Advances in Biology & Earth Sciences

Diabetic foot ulcers (DFUs) are chronic wounds frequently complicated by multidrug-resistant bacterial infections, particularly Pseudomonas aeruginosa. Marine organisms, especially coral gorgonians like Ellisella sp., harbor diverse symbiotic bacteria with promising bioactive properties. The study objective was to investigate the in vitro anti-bacterial potential and hydrolytic enzyme production of bacteria associated with Ellisella sp. against the P. aeruginosa pathogenic strain. Anti-bacterial activity was assessed using the plug agar diffusion method against clinical P. aeruginosa strains. While hydrolytic enzyme assays were conducted on the assay plates with different selective media. Selected isolates were then identified molecularly.

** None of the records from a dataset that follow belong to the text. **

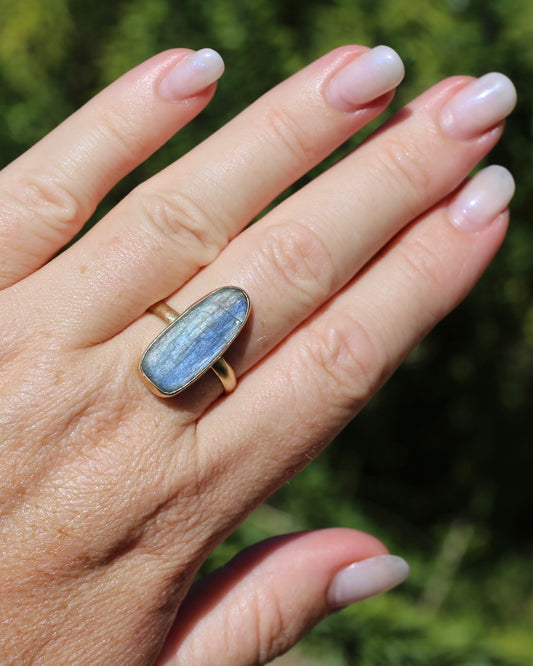 Rustic Freeform Labradorite Cabochon in Bezel Setting, 9ct Yellow Gold, size X1/2 or 11.75
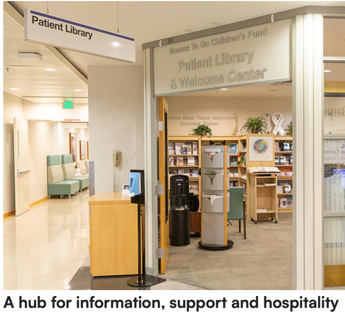 The Patient Library was also a recipient of the 2024 PFAC awards. It provides information and a welcoming space where patients and families from all backgrounds and with different language and literacy can find useful information and support they need. The Patient Library provides patient and family orientation sessions on the Cancer Journey for patients and families. They are held in-person and online, and in English and Spanish, through the Patient Library. The Patient Library is staffed by three patient and family specialists and PFA volunteers.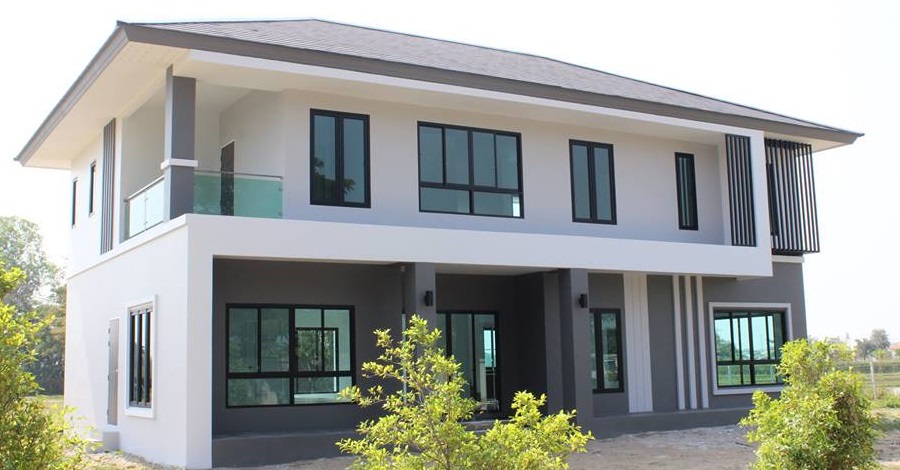 บ้านสไตล์คอนเทมโพรารีสองชั้น หลังคาทรงปั้นหยา 3 ห้องนอน 3 ห้องน้ำ พื้นที่ใช้สอย 260 ตร.ม.

NRPS, PKS-I and PKS-II genes were detected through the PCR method. The result showed that three of the 15 Ellisella-associated bacterial isolates, KGE01, KGE13 and KGE15, exhibited antibacterial activity against P. aeruginosa. Enzyme assays revealed that the selected isolate (KGE-15) secreted active hydrolytic enzymes (amylases), potentially beneficial for biofilm disruption and the wound surgical process. Molecular identification showed that the KGE15 isolate has the closest similarity to Acinetobacter soli. No NRPS and PKS genes were detected, except the PKS-II gene. Hence, bacteria associated with Ellisella sp. demonstrate significant anti-bacterial and enzymatic activities against P. aeruginosa, indicating their potential as alternative therapeutic agents.